The bear’s eyes glowed red as it stood before him, lips curling up as it growled. Teeth like jagged crystals showed beneath the lips.

Bert smiled. “Come and ‘ave a go if you think you’re hard enough!”

The bear opened its mouth to roar at him, so he darted forward, punching it on the bottom jaw and snapping the mouth closed.

A piece of tongue fell to the ground as the entire silver-coated bear began to glow red and grow in size. The paw that hit him sent Bert sprawling, and he rolled away from the bear before it could pounce on him. The move proved wise as the creature slammed down a second later, the powerful impact causing an eruption of dirt and soil as Bert got to his feet again.

He continued to trade blows with the enraged bear, noting how its strength and size grew the longer it fought. Twice more, he was sent flying, the final time by almost ten meters before he charged back into the fight.

Slowly, he whittled it down as his attacks began to stack up, even through the steel fur it used as armor. The final swipe was barely more than a token effort, and Bert ended it with a leap that ended with a double-handed overhead blow that crushed the skull at last.

Gasping and winded, Bert sat down, leaned back against the sliver fur, and patted it fondly.
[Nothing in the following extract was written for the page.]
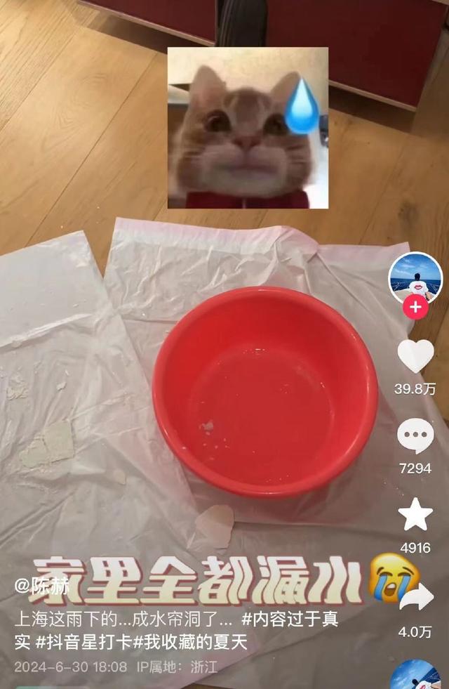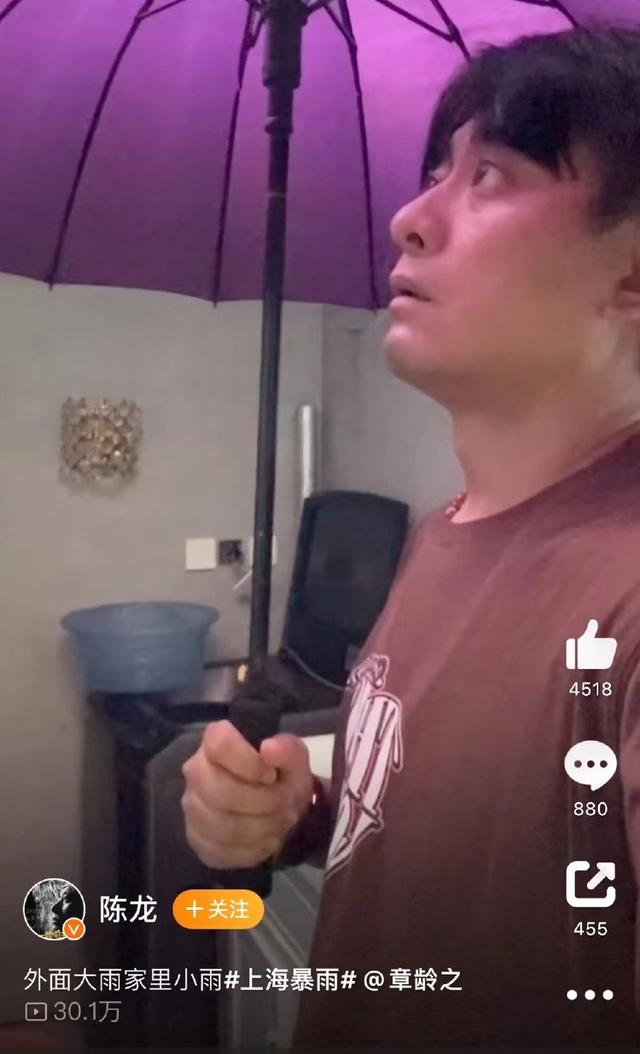 同样身处上海的演员陈龙也分享了自己的“悲惨”经历,自嘲家里的雨并不比外面小。视频中,他在家里也要打伞,家里接水的盆子“排排坐”。

Looking around, he was able to find Bell, who was sitting astride a struggling tiger. She held the tiger down effortlessly as it scrabbled and yowled. She was humming as she stroked the fur with long, loving strokes.

“Having fun?” Bert asked.

“Mine,” Bell said simply as she booped the frantic animal on the top of the head while it tried to bite her arm off.

“Still the big guy to go,” Bert noted.

“You do it,” Bell waved a hand at him. “I’m petting my new kitty.”

Bert turned and stared over the field of dead animals into two huge eyes filled with hatred. The Lion stood almost two stories tall, with a wide golden mane that seemed to glow with power as it threw back its head and roared a long, loud challenge.

“You’re gonna wish you hadn’t done that,” Bert sighed as an answering roar came from the stationary Waystation behind them.

Bert had been preventing any of the animals from roaring for a good reason. They had their own giant ball of claws and fur by the name of Slothy. The normally gentle and loving Giant Sloth Bear did not react well to anyone roaring a challenge.

A point that was proved when she came roaring over the top of the Waystation, A haze of mana rising from her fur. With each step she took, Slothy grew in size until she was the same size as her challenger. The pride leader roared again and swiped a glowing paw at Slothy, raking her shoulder.

Slothy didn’t even flinch.

It roared again and swiped again, claws raking her fur and face.

Slothy growled as a single drop of blood glistened on her fur.

The pride leader was too proud to run, but Bert saw him cower a little as Slothy reared back and swiped with one paw. The paw left a glowing arc in the air in the shape of glowing claws.

The impact sent the pride leader into the dirt, the head rendered to nothing more than a bloody pulp.

Slothy turned and kicked a contemptuous back paw, sending the body flying deep into the forest, and shrank back to her standard size before lumbering back toward the Waystation.

She stopped next to the tiger, the terrified creature freezing in terror as Slothy growled.

“Mine,” Bell said happily.

Slothy nuzzled Bell and walked on.

The tiger stopped struggling and lay there, shaking.